WHAT YOU HAVE TO DO
In the material below, pictures must be dropped. Repeat exactly, and only, the lines from the line with "De woonkamer/keuken beschikt" to the line with "12 x 17 Red", both ends included.

RECORDS FOR THE TASK

※ ※ ※

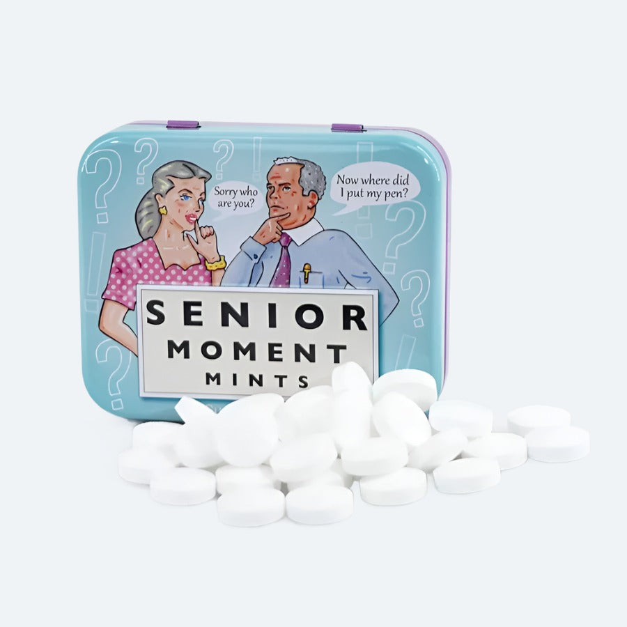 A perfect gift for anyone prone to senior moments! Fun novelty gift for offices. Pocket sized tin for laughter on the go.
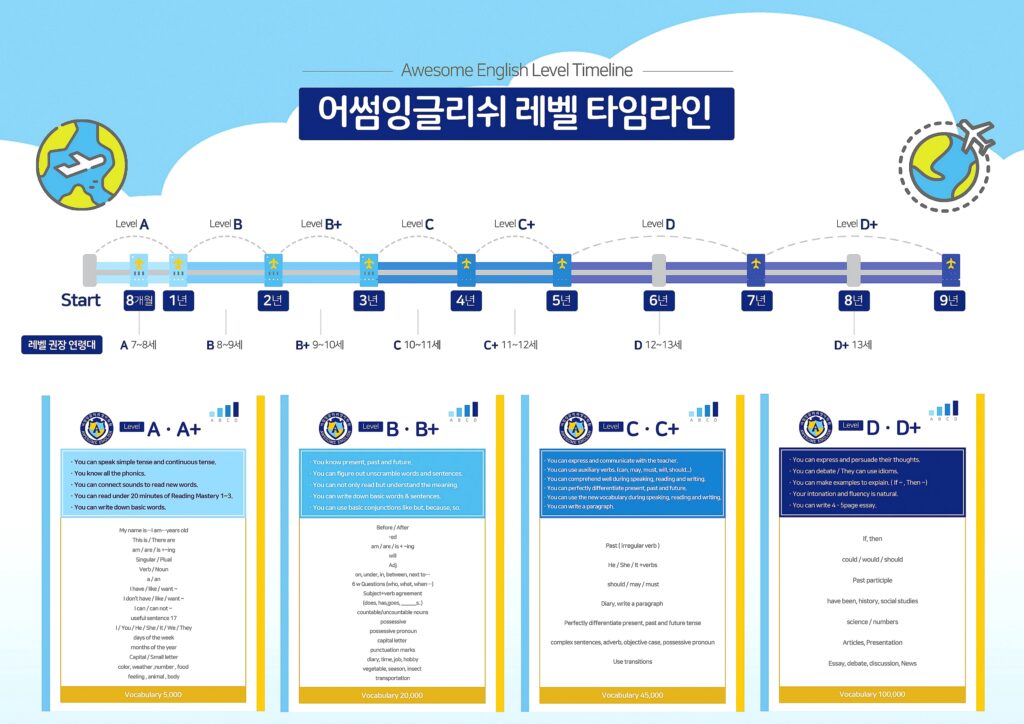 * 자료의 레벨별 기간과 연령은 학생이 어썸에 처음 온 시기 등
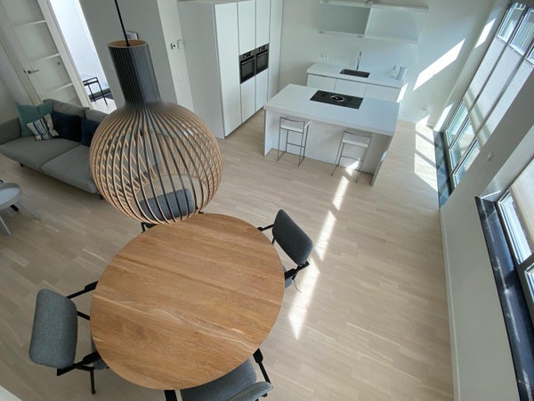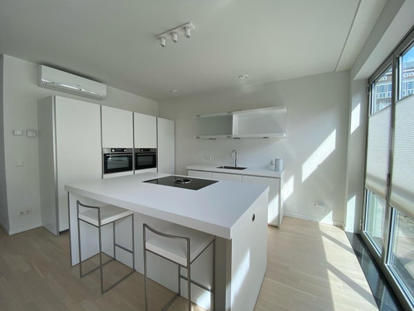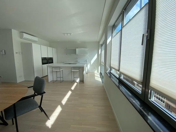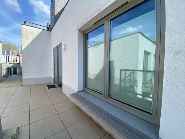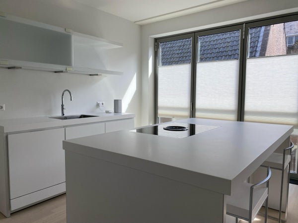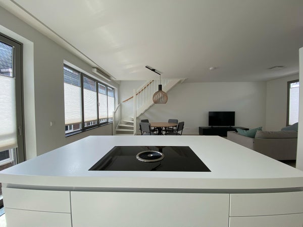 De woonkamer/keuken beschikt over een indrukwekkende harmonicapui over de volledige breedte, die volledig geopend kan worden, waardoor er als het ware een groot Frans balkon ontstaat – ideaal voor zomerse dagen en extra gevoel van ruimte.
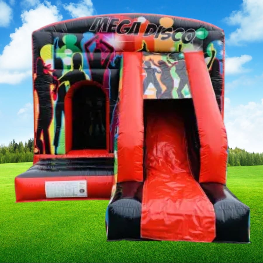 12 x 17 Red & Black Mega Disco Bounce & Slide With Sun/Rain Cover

※ ※ ※

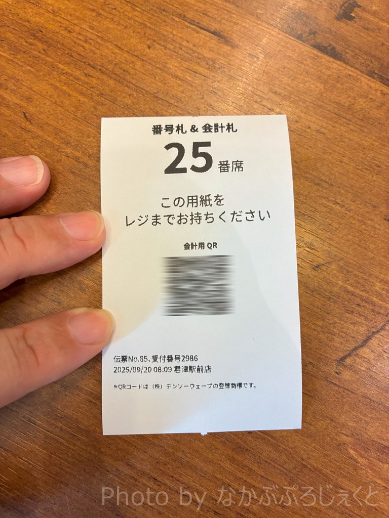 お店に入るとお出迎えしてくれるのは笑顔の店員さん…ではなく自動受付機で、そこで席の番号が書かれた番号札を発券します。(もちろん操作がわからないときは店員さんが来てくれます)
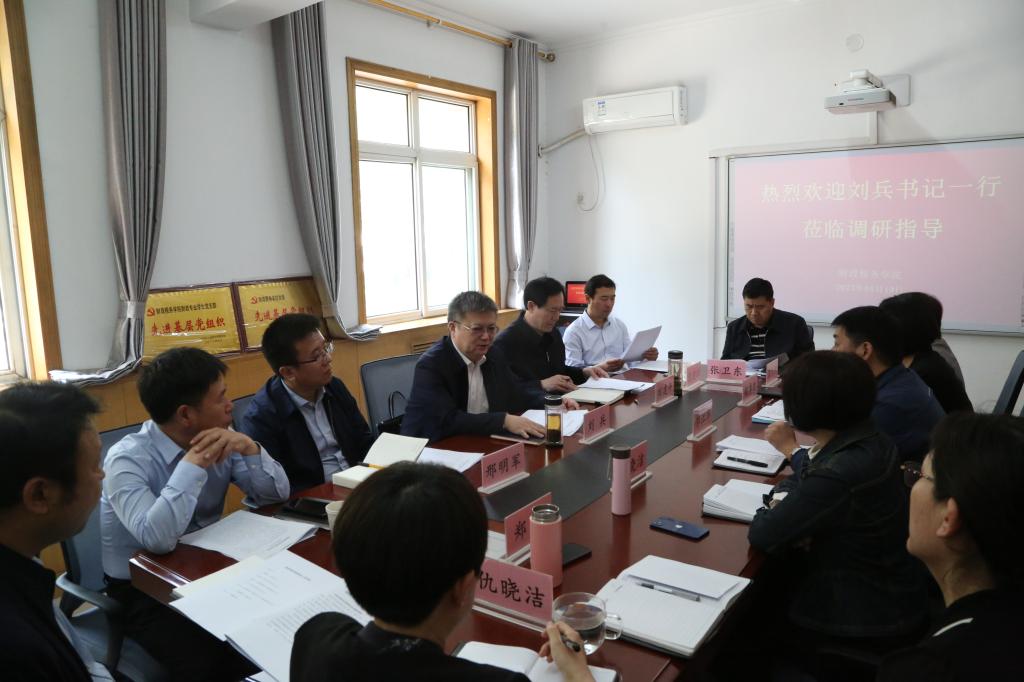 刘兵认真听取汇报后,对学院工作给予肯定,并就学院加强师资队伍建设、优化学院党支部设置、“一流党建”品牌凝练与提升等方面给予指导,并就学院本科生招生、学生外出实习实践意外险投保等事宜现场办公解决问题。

※ ※ ※

RESPONSE TO THE EXERCISE
 De woonkamer/keuken beschikt over een indrukwekkende harmonicapui over de volledige breedte, die volledig geopend kan worden, waardoor er als het ware een groot Frans balkon ontstaat – ideaal voor zomerse dagen en extra gevoel van ruimte.
 12 x 17 Red & Black Mega Disco Bounce & Slide With Sun/Rain Cover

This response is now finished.